*Exercise instructions*:
Please restate word for word the lines of the entries below from the one with "Zu Beginn der" to the one with "Ce dessin animé", inclusive, and leave out every picture.

*Data to process*:
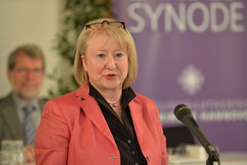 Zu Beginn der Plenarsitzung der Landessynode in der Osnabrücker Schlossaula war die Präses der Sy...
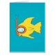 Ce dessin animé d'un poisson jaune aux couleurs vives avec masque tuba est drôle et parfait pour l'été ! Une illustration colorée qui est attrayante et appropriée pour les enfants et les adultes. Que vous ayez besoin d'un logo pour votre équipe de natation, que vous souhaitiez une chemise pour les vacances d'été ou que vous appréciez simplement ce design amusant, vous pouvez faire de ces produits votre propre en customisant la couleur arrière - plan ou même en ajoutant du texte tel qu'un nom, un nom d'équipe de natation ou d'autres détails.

--

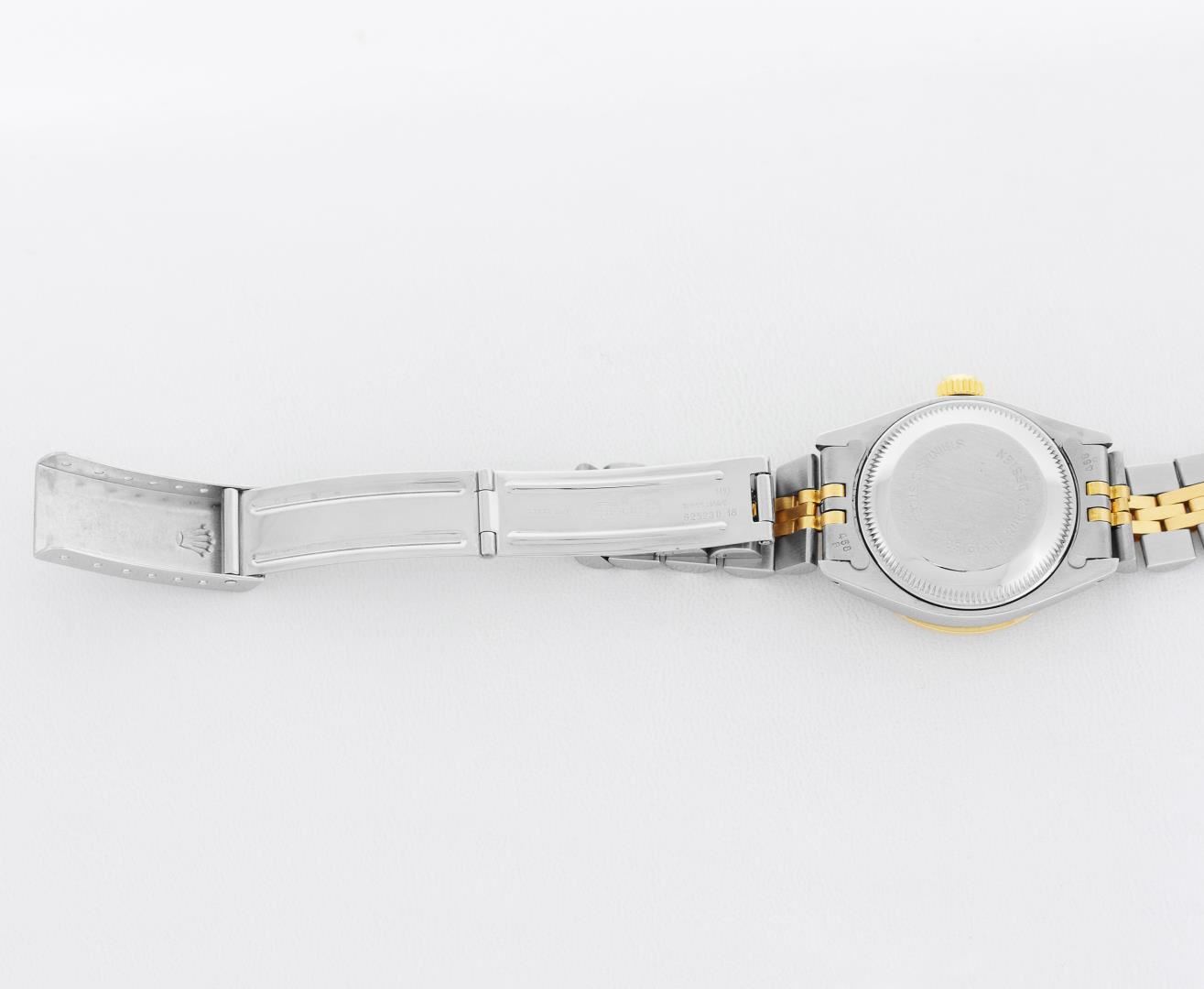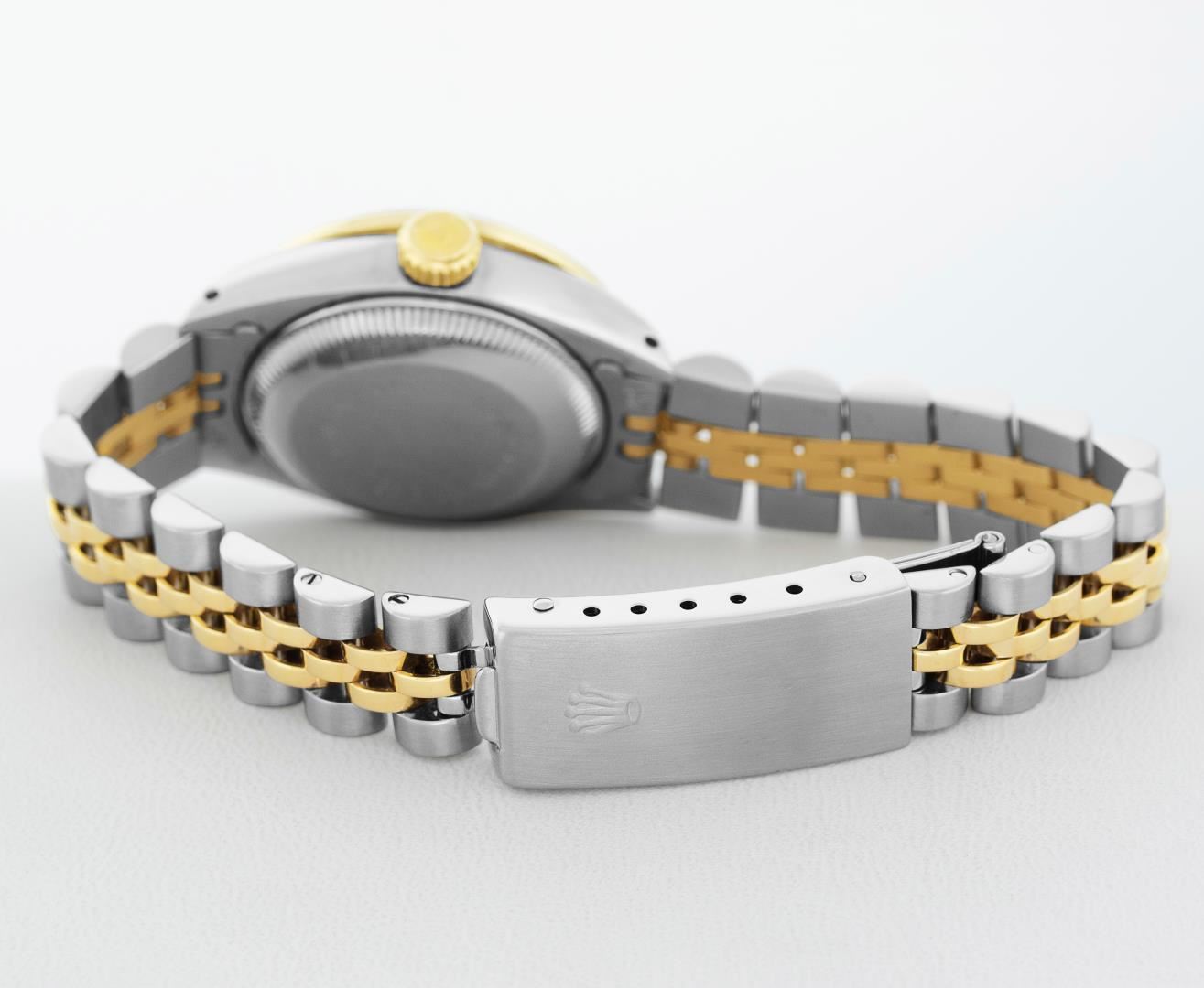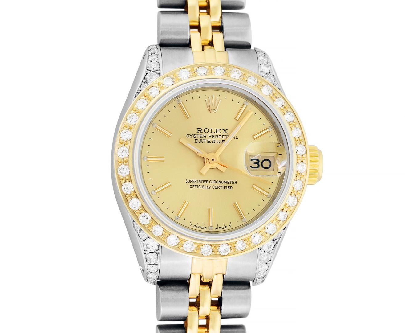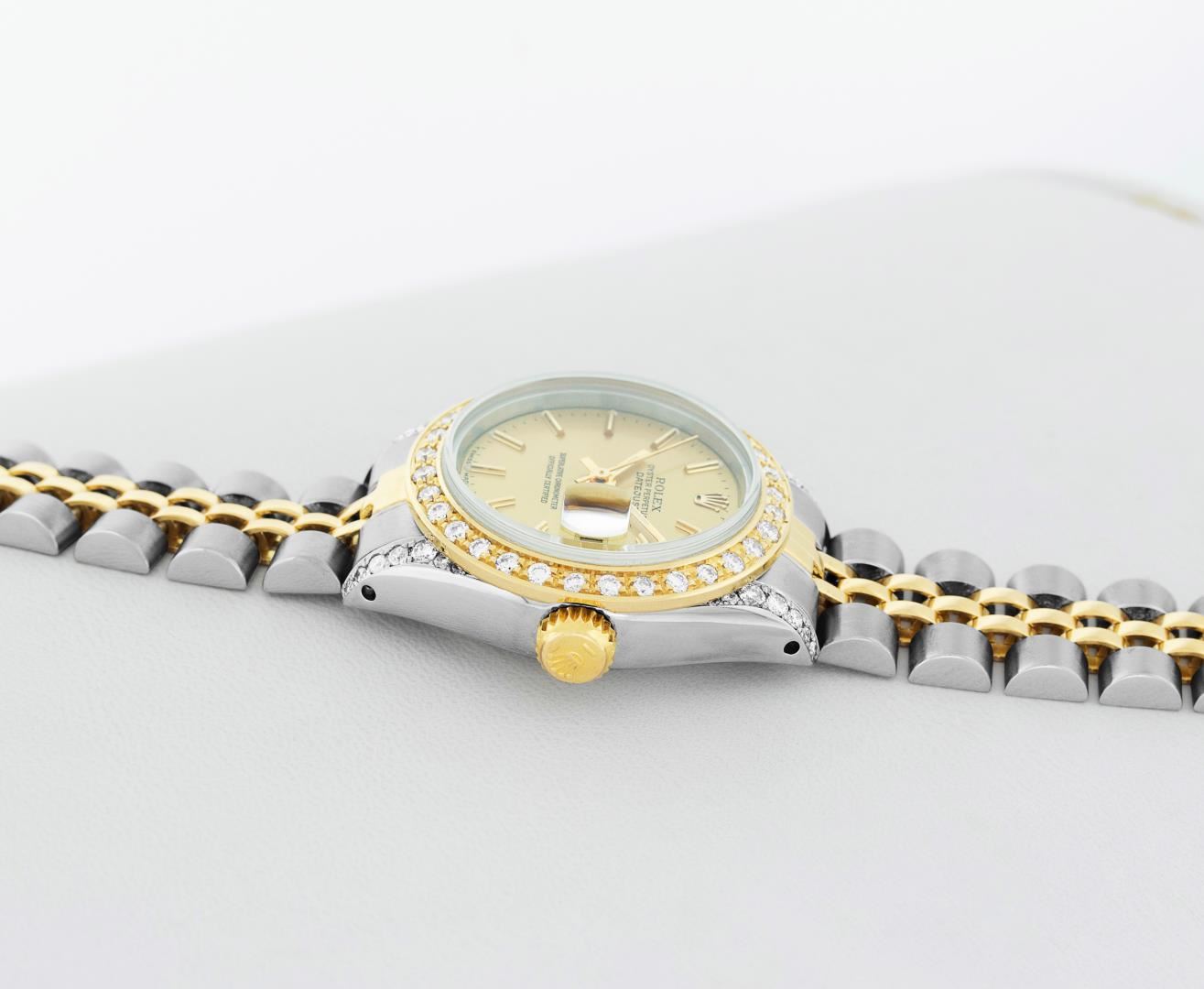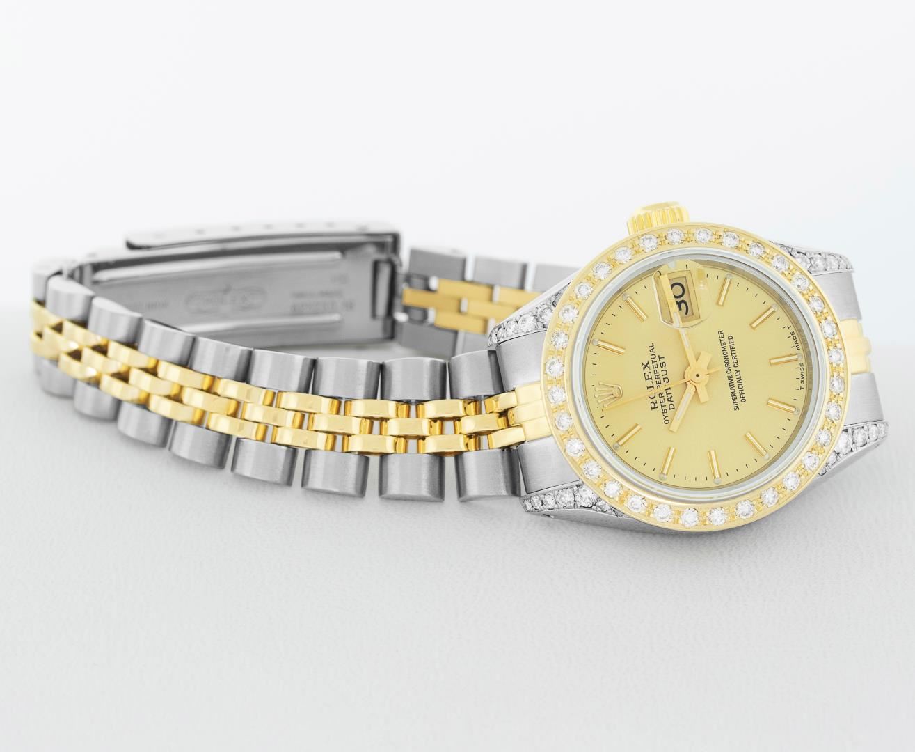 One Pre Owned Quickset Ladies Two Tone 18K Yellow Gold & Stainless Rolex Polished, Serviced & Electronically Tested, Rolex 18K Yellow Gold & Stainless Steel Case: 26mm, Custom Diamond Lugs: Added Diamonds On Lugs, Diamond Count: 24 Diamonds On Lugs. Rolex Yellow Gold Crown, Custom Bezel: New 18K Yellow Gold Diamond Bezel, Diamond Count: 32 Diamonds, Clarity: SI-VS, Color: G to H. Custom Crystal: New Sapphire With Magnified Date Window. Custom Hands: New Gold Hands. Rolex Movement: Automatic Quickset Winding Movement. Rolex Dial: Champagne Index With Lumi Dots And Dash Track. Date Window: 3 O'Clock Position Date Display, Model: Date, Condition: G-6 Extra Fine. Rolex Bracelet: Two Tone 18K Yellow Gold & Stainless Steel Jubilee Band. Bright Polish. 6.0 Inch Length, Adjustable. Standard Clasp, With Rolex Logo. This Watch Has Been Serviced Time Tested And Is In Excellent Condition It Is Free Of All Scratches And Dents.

==

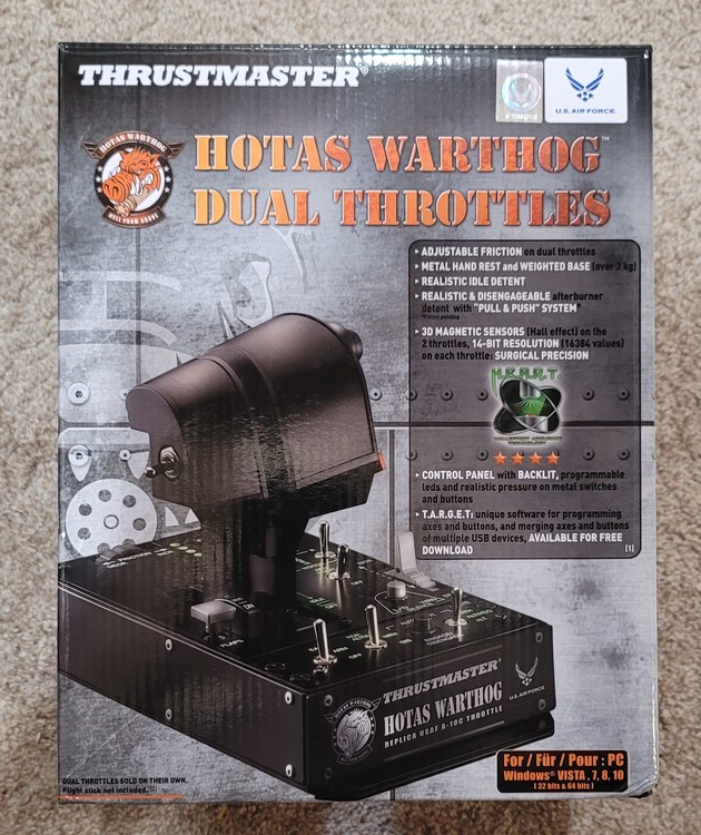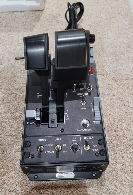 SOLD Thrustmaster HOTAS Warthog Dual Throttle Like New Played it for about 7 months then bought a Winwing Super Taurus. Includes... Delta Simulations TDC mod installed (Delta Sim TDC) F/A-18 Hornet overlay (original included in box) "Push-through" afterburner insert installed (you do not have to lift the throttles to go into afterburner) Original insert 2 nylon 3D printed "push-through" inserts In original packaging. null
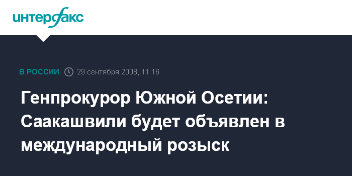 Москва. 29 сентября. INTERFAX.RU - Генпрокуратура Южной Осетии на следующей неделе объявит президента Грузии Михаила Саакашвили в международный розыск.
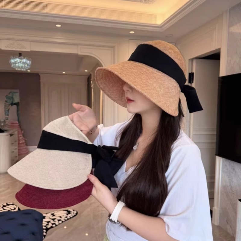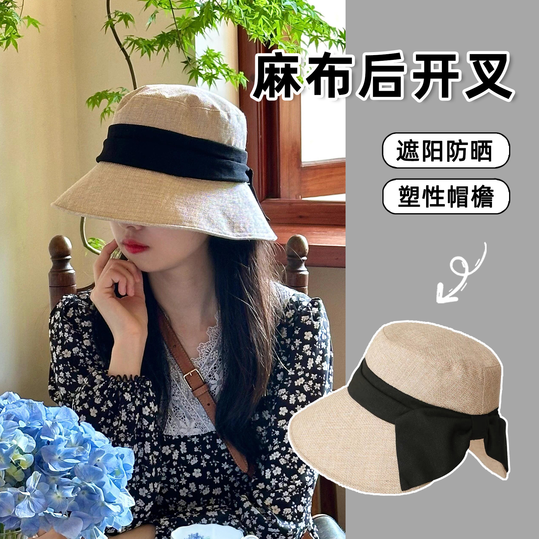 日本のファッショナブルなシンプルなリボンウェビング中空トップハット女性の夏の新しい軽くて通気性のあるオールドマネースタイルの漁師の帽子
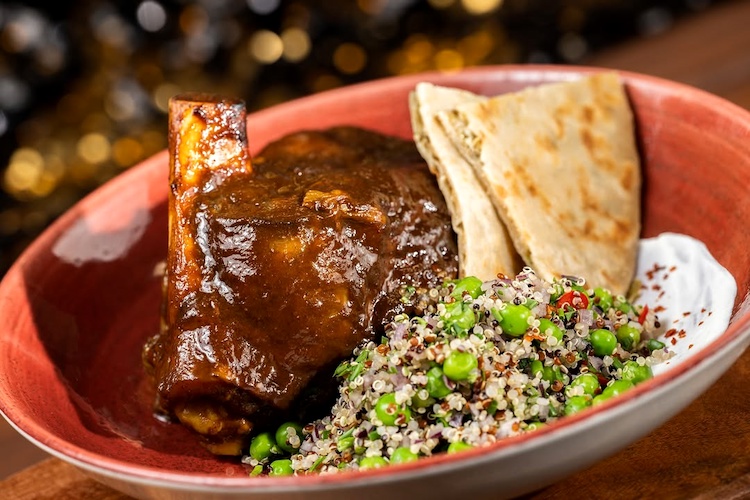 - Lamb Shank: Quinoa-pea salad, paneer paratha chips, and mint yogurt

*Result*:
 Zu Beginn der Plenarsitzung der Landessynode in der Osnabrücker Schlossaula war die Präses der Sy...
 Ce dessin animé d'un poisson jaune aux couleurs vives avec masque tuba est drôle et parfait pour l'été ! Une illustration colorée qui est attrayante et appropriée pour les enfants et les adultes. Que vous ayez besoin d'un logo pour votre équipe de natation, que vous souhaitiez une chemise pour les vacances d'été ou que vous appréciez simplement ce design amusant, vous pouvez faire de ces produits votre propre en customisant la couleur arrière - plan ou même en ajoutant du texte tel qu'un nom, un nom d'équipe de natation ou d'autres détails.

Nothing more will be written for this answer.